In order to determine whether or not hepatic glycogen breakdown contributes to systemic glucose flux during glucose infusion, net carbohydrate oxidation (indirect calorimetry) and the total rate of glucose appearance (6,6(-2)H-glucose) were measured in six healthy women during infusion of U-13 C labelled glucose (22 mumol/kg/min). Glucose infusion completely suppressed endogeneous glucose production and increased net carbohydrate oxidation from 10.9 +/- 1.6 to 18.9 +/- 1.0 mumol/kg/min. To differentiate between the oxidation of endogenous (i.e. glycogen) and of exogenous carbohydrates, the 13CO2 production was measured and the oxidation of exogenous 13C labelled carbohydrate was calculated. For this purpose, the specific recovery factor in breath of 13CO2 issued from oxidation of uniformly labelled glucose was determined during infusions of equimolar amounts of 13C bicarbonate, 1-13C acetate and 2-13C acetate. The average recovery was 53.9 +/- 1.5%. The oxidation of exogenous carbohydrate was 20.9 +/- 0.7 mumol/kg/min. This value was slightly higher than net carbohydrate oxidation, indicating that no oxidation of endogenous, unlabelled carbohydrate, and, hence, no utilization of hepatic glycogen took place.
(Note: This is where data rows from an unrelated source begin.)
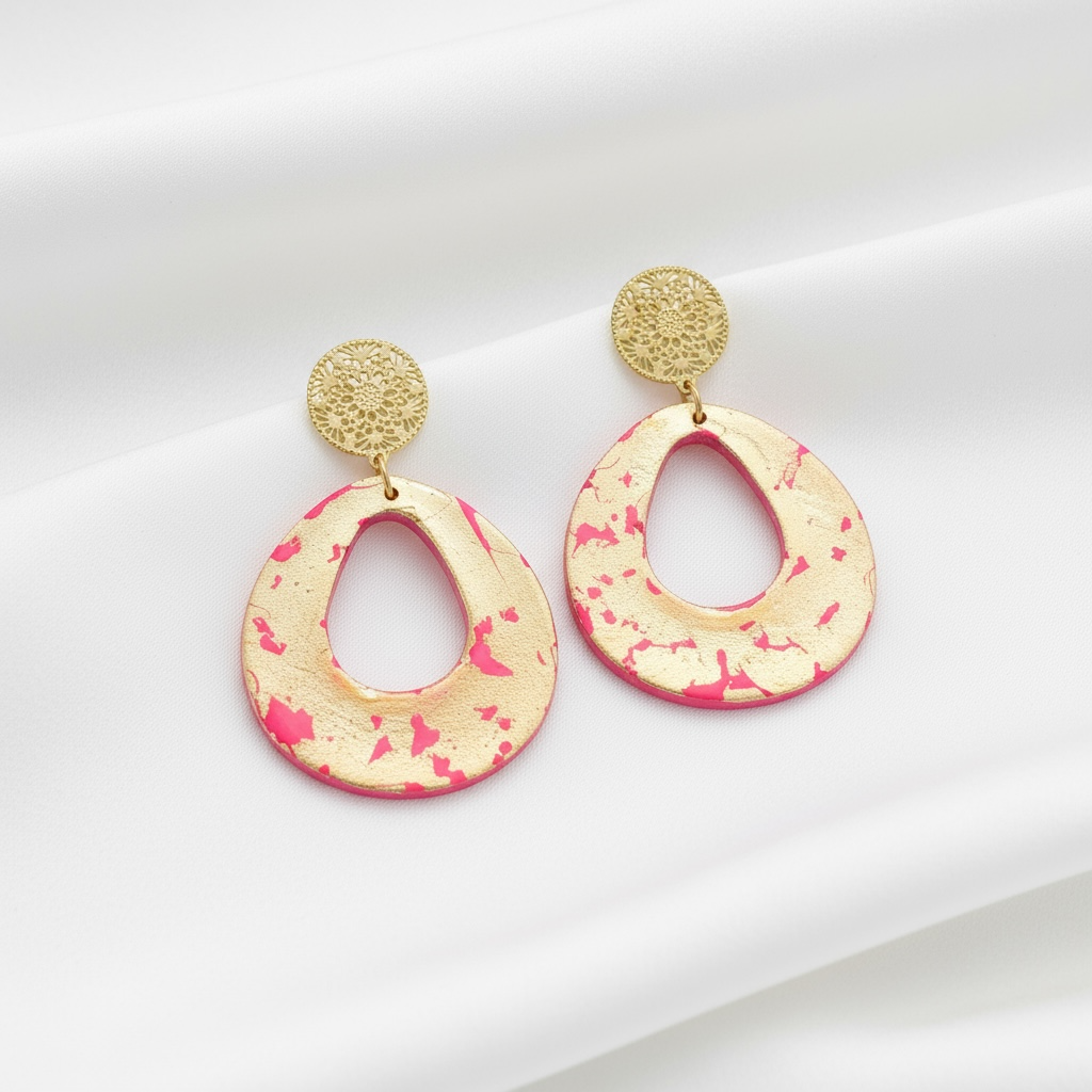 Ohrring aus Polymer-Ton himbeer-farben überzogen mit echtem Blattgold. Ohrstecker aus rostfreiem Edelstahl. ULTRALIGHT!
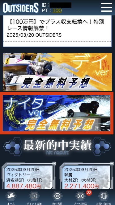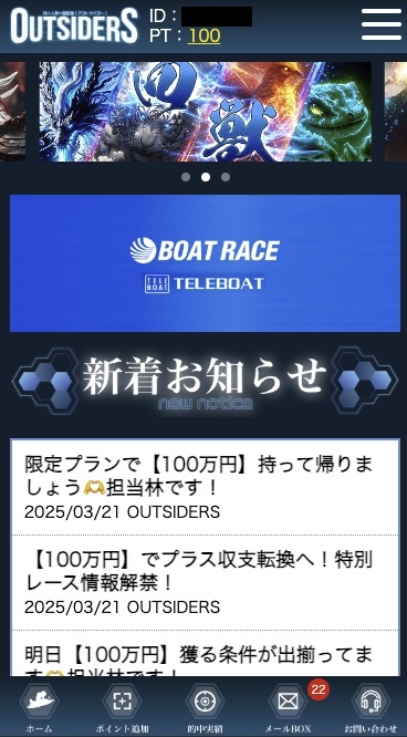 次は「競艇アウトサイダーズ」の会員ページを見ていこう。
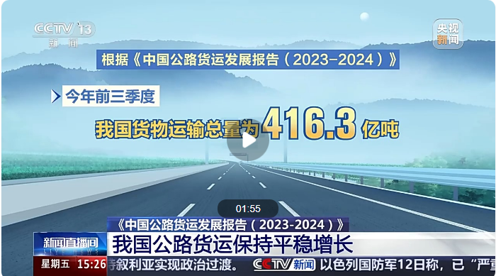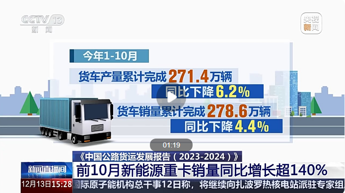 中國物流與采購聯(lián)合會今天(13日)公布《中國公路貨運發(fā)展報告(2023—2024)》。根據(jù)報告,受運輸結(jié)構(gòu)調(diào)整影響,我國公路運輸占比雖有所下降,但依然是貨運市場的主體,公路貨運保持平穩(wěn)增長。 根據(jù)報告,今年前三季度,我國貨物運輸總量為416.3億噸,同比增長2.3%。從貨運結(jié)構(gòu)來看,鐵路與水路運輸承擔的貨運量占比有所提升,公路運輸占比有所下降。前三季度公路貨運運輸量為306.6億噸,同比增長3.1%,占比超過73%,公路運輸仍然是貨運市場的主體。 中國物流與采購聯(lián)合會副會長 賀登才:公路運輸是我們整個物流體系中非常重要的一個環(huán)節(jié),它的優(yōu)勢是能夠點到點、門到門,靈活性強。調(diào)整運輸結(jié)構(gòu),有些環(huán)節(jié)離不開公路貨運。除了硬件方面使用新能源車、自動駕駛提高它的運輸效率外,現(xiàn)在通過平臺進行一些數(shù)字化改造,通過網(wǎng)絡(luò)貨運平臺及時溝通供需信息。 另外,報告指出,跨境公路運輸成為新增長點。2023年,我國跨境公路貨運市場規(guī)模約為4500億元,同比增長12%。隨著“一帶一路”建設(shè)深入推進,便利化協(xié)定實施范圍穩(wěn)步擴大,我國與蒙古國、俄羅斯及中亞各國的國際道路運輸進一步暢通,貨運量增長明顯,逐漸形成以邊境口岸為節(jié)點、覆蓋周邊國家邊境地區(qū)重要城市并向腹地不斷延伸的國際道路運輸網(wǎng)絡(luò)。 前10月新能源重卡銷量 同比增長超140% 根據(jù)《中國公路貨運發(fā)展報告(2023—2024)》,今年1—10月,我國貨車產(chǎn)銷量累計均超過270萬輛,其中新能源重卡銷量增長明顯,同比增長超過140%。 根據(jù)報告,2023年我國貨車保有量3359萬輛,同比增長1.2%。今年1—10月,貨車產(chǎn)銷量累計分別完成271.4萬輛和278.6萬輛,同比分別下降6.2%和4.4%。 與傳統(tǒng)重卡相比,新能源重卡展現(xiàn)出強大的市場活力。今年1—10月,新能源重卡累計銷量56760輛,同比增長超過140%,預計全年新能源重卡滲透率將突破8%。 中國物流與采購聯(lián)合會公路貨運分會秘書長 周志成:新能源重卡逆勢上漲,既有政策導向,也有成本的優(yōu)勢。第一,新能源相比傳統(tǒng)能源,價格優(yōu)勢比較明顯;第二,新能源電池價格下降,也降低了企業(yè)的購車成本。還有很多城市在推進新能源進城通行證的減免政策,也促進了企業(yè)新能源車的使用。
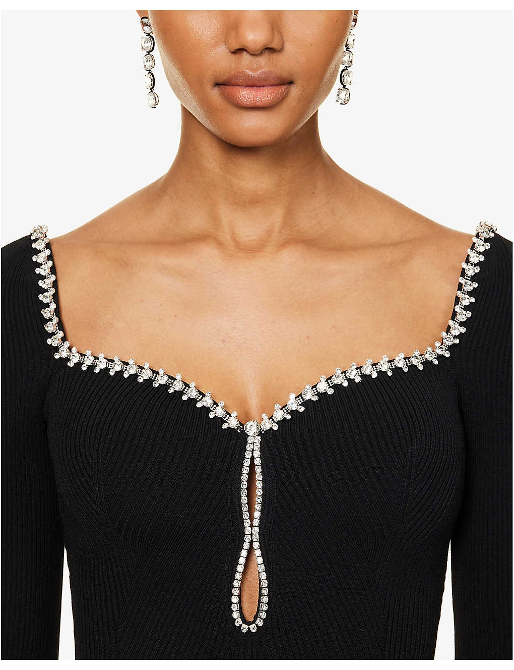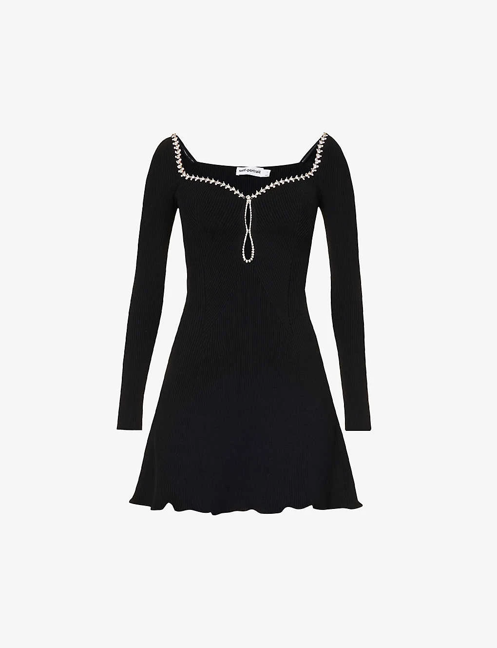 SELF PORTRAIT Diamante-embellished Ribbed-texture Knitted Mini Dress
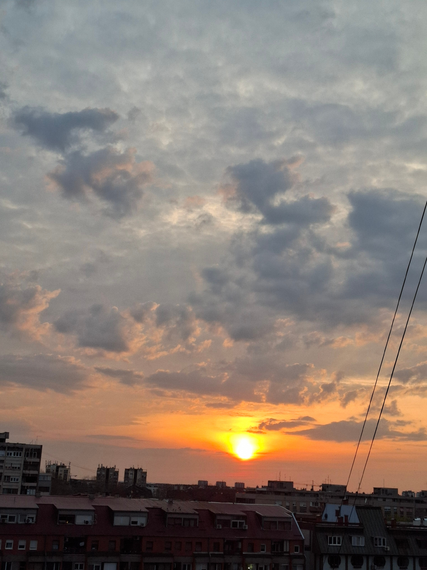 The image shows a sunset in Novi Sad, Serbia, with the sun setting over a cityscape. The sky is filled with clouds, with a mix of gray and orange hues caused by the setting sun. The sun is the focal p…read more
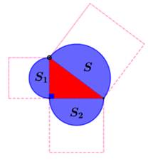 les triangles équilatéraux, comme pour tout polygone régulier. Avec des demi-cercles Cette relation entre les aires reste valable pour
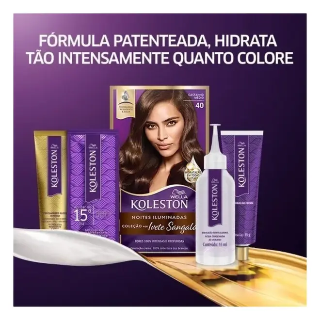 A Tintura Koleston Castanho Médio 40 proporciona coloração intensa, duradoura e com brilho, garantindo cobertura completa dos fios brancos.
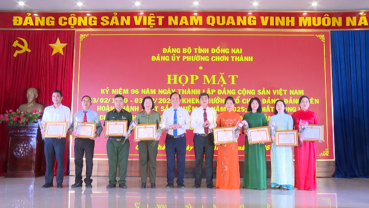 Dịp này Đảng ủy phường Chơn Thành cũng đã tặng giấy khen cho 9 Chi, Đảng bộ trực thuộc đạt tiêu chuẩn “Hoàn thành xuất sắc nhiệm vụ tiêu biểu” năm 2025. Tặng giấy khen cho: 02 đảng viên, có thành tích hoàn thành xuất sắc nhiệm vụ 5 năm liền (2020-2025) và 50 đảng viên hoàn thành xuất sắc nhiệm vụ năm 2025.
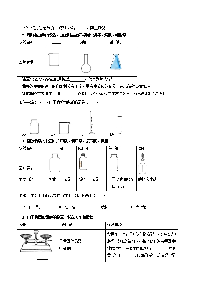 【精品】2021秋人教版初中化学《课题1.3 走进化学实验室(第一课时)》同步学案(原卷版)
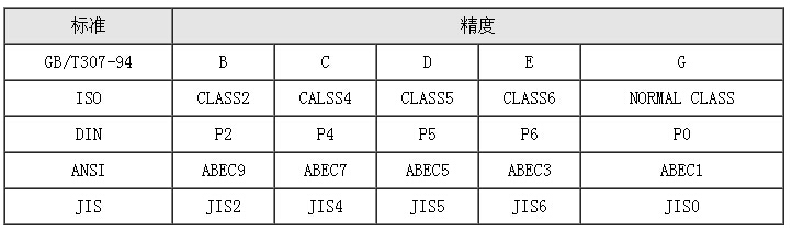 軸承精度按照GB/T307-94>的國家標準可以分為G E D C B.。這些公差和ISO、JIS等標準對照如下:
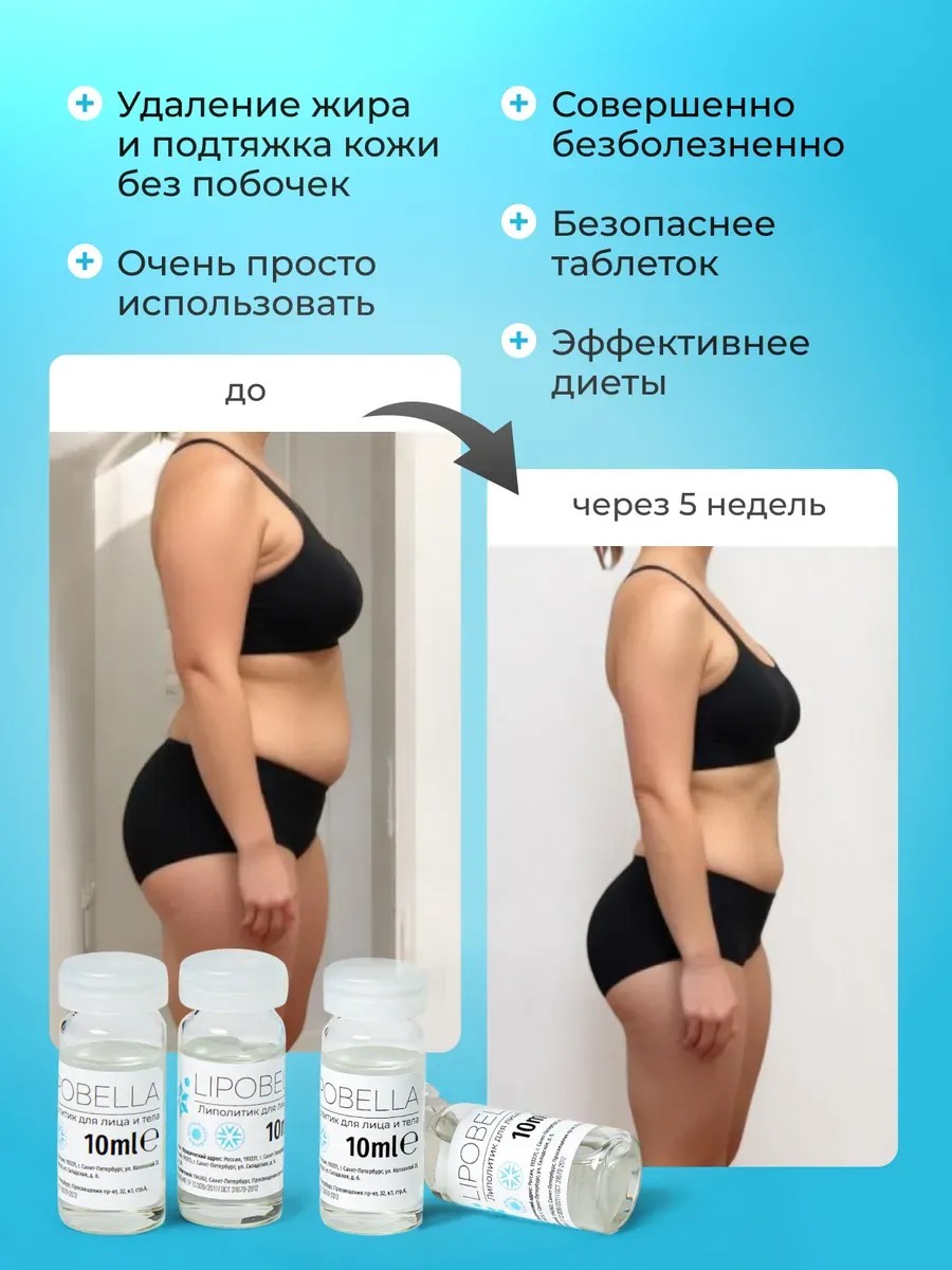 Мультифункциональная сыворотка липолитик на основе кофеина и гиалуроновой кислоты — современный способ борьбы против жировых отложений. Это идеальный выбор для женщин, желающих похудеть и избавиться от лишних сантиметров в таких проблемных зонах, как живот, ягодицы и бедра, убрать проявления целлюлита, сделать фигуру более подтянутой и привлекательной. Антицеллюлитный препарат с лифтинг эффектом, выпускаемый в удобной форме ампул, незаменим для ухода за лицом, помогает избавиться от отеков и растяжек, уменьшить морщины. Помимо сжигания жира, липолитик моделирует контуры тела, сужает талию и создает стройный красивый силуэт. Подтягивающий концентрат применяется в косметологии для коррекции таких зон, как руки и запястья, шея, подбородок и предплечья, для повышения упругости и эластичности кожи. Активное жиросжигающее средство предназначено исключительно для наружного применения и работает наиболее эффективно в сочетании с аппаратными процедурами, в частности, мезороллером или в мезотерапии, а также массажем или вакуумными банками. Ампульная сыворотка помогает добиться быстрого результата в домашних условиях без изнуряющих диет и сложных физических упражнений, проста в использовании и не имеет побочных эффектов. Натуральные компоненты в составе жиросжигателя расщепляют жир, способствуя похудению, после чего остатки жировых клеток безопасно выводятся организмом. Стойкий видимый эффект от жиросжигания наблюдается уже через 4-6 недель после начала курса. Не для инъекций. Способ применения: курс 1-2 месяца с таким же перерывом. Противопоказания: индивидуальная непереносимость компонентов.

These results indicate that (i) estimation of glucose oxidation from indirect calorimetry and tracer technology give concordant results when an appropriate factor of 13CO2 recovery in breath is used, and (ii) utilization of previously formed glycogen is inhibited during hyperglycaemia and hyperinsulinaemia.

摘要

为了确定在输注葡萄糖期间肝糖原分解是否有助于全身葡萄糖通量,在6名健康女性输注U-13C标记的葡萄糖(22μmol/kg/分钟)期间,测量了净碳水化合物氧化(间接量热法)和葡萄糖出现的总速率(6,6(-2)H-葡萄糖)。葡萄糖输注完全抑制了内源性葡萄糖生成,并使净碳水化合物氧化从10.9±1.6增加到18.9±1.0μmol/kg/分钟。为了区分内源性(即糖原)和外源性碳水化合物的氧化,测量了13CO2的产生,并计算了外源性13C标记碳水化合物的氧化。为此,在输注等摩尔量的13C碳酸氢盐、1-13C乙酸盐和2-13C乙酸盐期间,测定了由均匀标记葡萄糖氧化产生的13CO2在呼出气体中的特定回收因子。平均回收率为53.9±1.5%。外源性碳水化合物的氧化为20.9±0.7μmol/kg/分钟。该值略高于净碳水化合物氧化,表明没有内源性未标记碳水化合物的氧化,因此没有肝糖原的利用。这些结果表明,(i)当使用适当的呼出气体中13CO2回收因子时,通过间接量热法和示踪技术估算葡萄糖氧化可得到一致的结果,并且(ii)在高血糖和高胰岛素血症期间,先前形成的糖原的利用受到抑制。